Но Стас не ответил. Он смотрел на брата из-под полуприкрытых век и молчал. В кварцевом свете его глаза казались не синими, как обычно, а тускло золотыми. И грустными.
– Голодный? – не унимался Паша, - давай откроем банку ананасов? Ты хотел съесть их, когда мы придем в город.
– Где мой рюкзак? – Медленно проговорил Стас.
Паша пододвинул сумку так, чтобы Стас мог нащупать ее. Кривясь от боли, старший брат с трудом открыл самый большой отдел и извлек оттуда черный металлический предмет.
– Папин пистолет? – Удивился Паша, – Зачем он тебе?
Мальчик смотрел на оружие, запустившее в его голове калейдоскоп образов, воспоминаний, лиц и мест. Всего того, что медленно стирала из гибкого детского разума суровая реальность. Он вновь почувствовал тот острый, до слез дерущий горло ком.
Стас медленно, достал магазин, бросил взгляд на единственную пулю.
– Помнишь, я обещал научить тебя стрелять? – Стас вернул магазин на место, – думаю, уже пора.
– Ну, – замялся Паша, – ты же раненый, как ты научишь? Давай, когда выздоровеешь, хорошо? – улыбнулся было он.
Тишина. Старший брат не сводил с Паши глаз, и молчал.
– Хорошо? – тихо и неуверенно повторил мальчик.
– Видишь, – начал Стас, – сейчас пуля в магазине.

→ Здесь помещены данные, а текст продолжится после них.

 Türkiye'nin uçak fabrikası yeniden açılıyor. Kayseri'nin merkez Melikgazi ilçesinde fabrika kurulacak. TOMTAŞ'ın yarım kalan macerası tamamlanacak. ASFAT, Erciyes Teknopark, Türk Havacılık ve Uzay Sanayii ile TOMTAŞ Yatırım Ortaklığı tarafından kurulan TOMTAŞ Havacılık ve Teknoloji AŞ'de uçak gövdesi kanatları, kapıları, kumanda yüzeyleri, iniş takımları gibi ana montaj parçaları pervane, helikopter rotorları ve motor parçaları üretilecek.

Нужно дернуть затвор, – брат медленно сдвинул верхнюю часть пистолета, от чего оружие неприятно щелкнуло, – вот теперь она… М-м-х… в патроннике.

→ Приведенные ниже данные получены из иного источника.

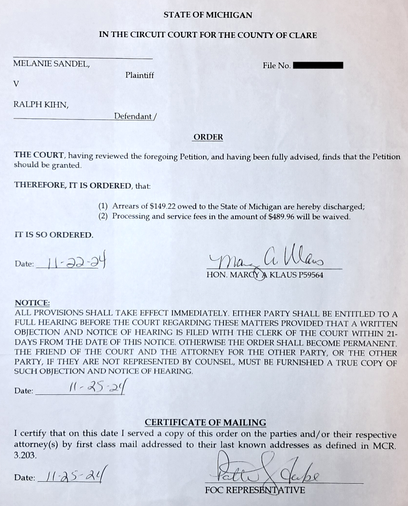 I still had some child support that I owed that could be waived. I filled out the forms. It got waived. I don’t remember how much. They didn’t waive it all though. I still owe about 3k.

Было видно, что каждое движение дается Стасу с неимоверным трудом. Зарядив оружие, он сложил руки на бедрах и запрокинул голову, упершись затылком в стену. Брат дышал так тяжело, словно только что закончил длинный марафон.

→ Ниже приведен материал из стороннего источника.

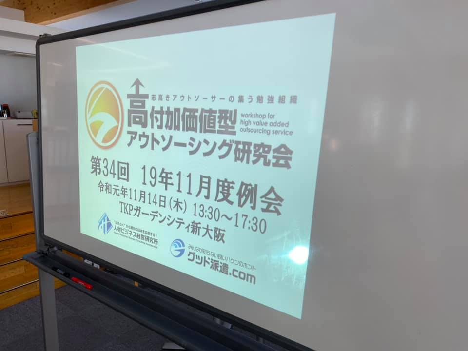さてさて、今日は第34回高付加価値型アウトソーシング研究会 大阪例会

– Стасик, может потом? Тебе же плохо…
– Давай научу пользоваться предохранителем, – переведя дыхание продолжил Стас, – мы же не хотим случайно бахнуть последнюю пулю, да? – Он говорил, будто не замечая Пашу, – вот эта штучка видишь? – Голос брата стал тихим и хриплым, – щелк, белый кружочек, стрелять нельзя. Щелк – теперь красный, значит можно. Понял?